Wednesday, 24 February 2016

YOU CAN’T TEACH ANYONE TO WRITE BUT ….

Monday 9th February brings us our third talk of the term, with veteran comedy writers and collaborators PETER VINCENT and IAN DAVIDSON sharing their tricks of the trade.  Peter Vincent, is of course,  one of our longstanding members, and has a TV track record that goes back many years as a writer and editor.  He wrote or co-wrote 69 episodes of comedy for the BBC including seven series of Sorry with Ian Davidson, and episodes of All at No. 20 and the Brittas Empire.  He wrote for twelve series of The Two Ronnies and also edited some of the scripts.  He was Dave Allen’s script editor for around twenty years, and also edited the Russ Abbot show with Barry Cryer.  He has worked with Frankie Howerd, Tommy Cooper, Bob Monkhouse, Bruce Forsyth, Harry Secombe, David Frost, Cliff Richard, Les Dawson, Michael Parkinson and many others.  He has also written plays with David Nobbs, John Chapman and Barry Cryer.

Aside from their collaborations, Ian Davidson has performed and written with Michael Palin and Terry Jones at Oxford University - his first BBC writing credit was for That Was The Week That Was in 1963 - he became an actor at The Second City in Chicago.
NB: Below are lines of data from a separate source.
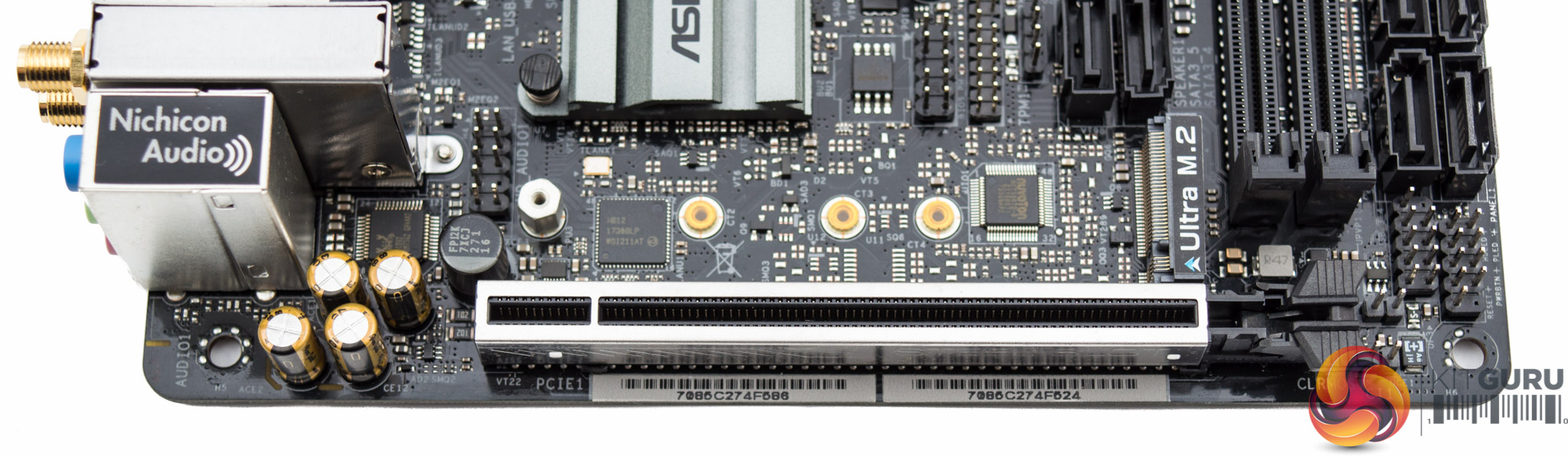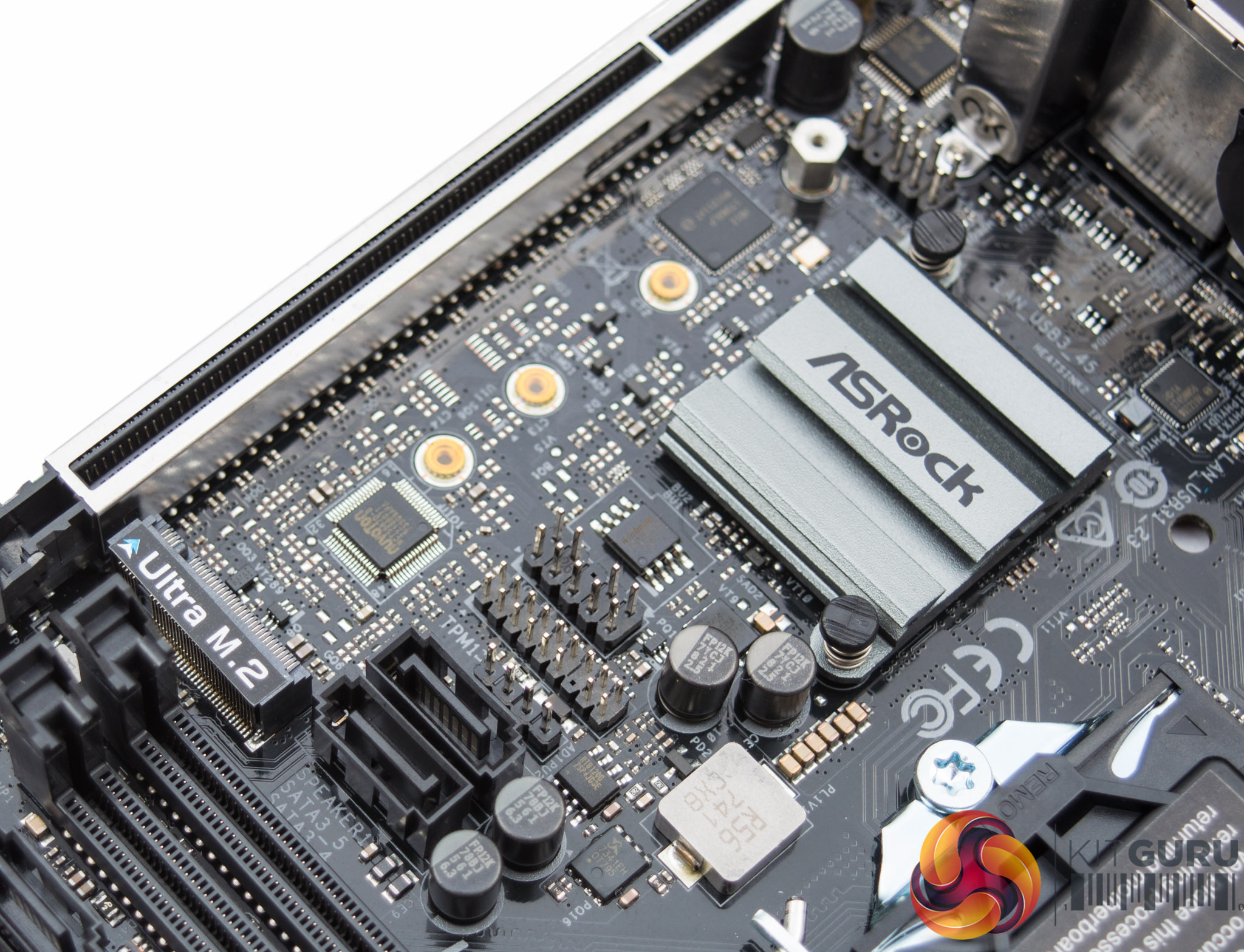 There are six vertically-facing SATA ports located either side of the two DDR4 slots. The M.2 slot sits between the reinforced PCIe slot and the chipset heatsink, up to 80mm M.2 devices are supported with SATA or PCIe operational modes.
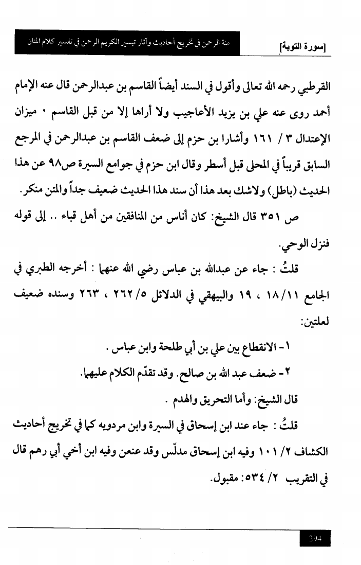 منة الرحمن في تخريج أحاديث وآثار تيسير الكريم الرحمن في تفسير كلام المنان
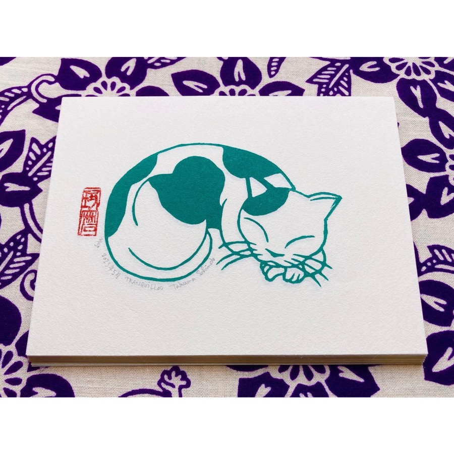 Lino-gravure "Nya" de la série chat "UBU" qui a accompagné l'artiste plus de 20 ans et qui lui donné l'inspiration pour sa série sur les chats.
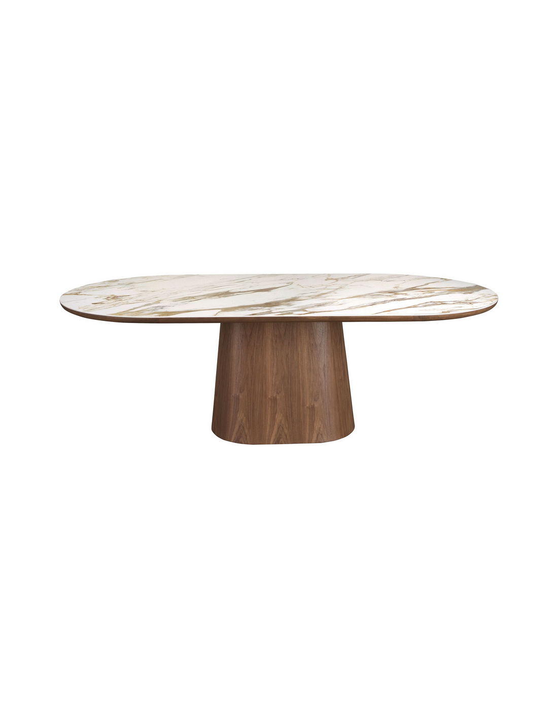 Ovalt spisebord udført i et moderne design fra Angel Cerdá. Spisebordet er fremstillet i valnøddefinér og porcelæn med hvid marmorlook. Spisebordet måler 76 cm i højden og 240 x 120 cm i bredde og dybde.
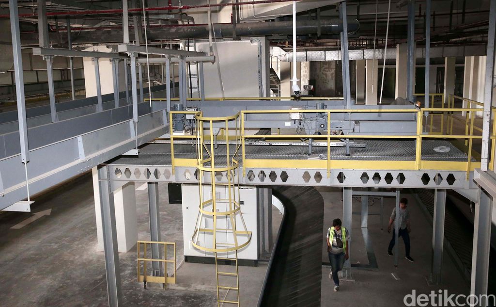 Salah satu alur ban berjalan di sistem bagasi automatis di T3 Ultimate Bandara Cengkareng (Foto: Hasan Alhabsy/detikcom) |
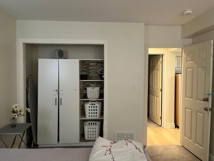 Fully furnished with queen-size bed, brand-new high-quality orthopaedic hybrid mattress with storage, new carpet floors , closet, ironing board with iron, office table, and chair

Returning to the UK, he worked for Ned Sherrin (as a film director) and David Frost, and then began a lifelong association with Barry Humphries as a writer and director. He appears, briefly, in many of the Monty Python's Flying Circus episodes - notably as a Dead Indian On a Pile of Dung, and as a news reporter who interrupts a sketch to say that it's his first time appearing on television.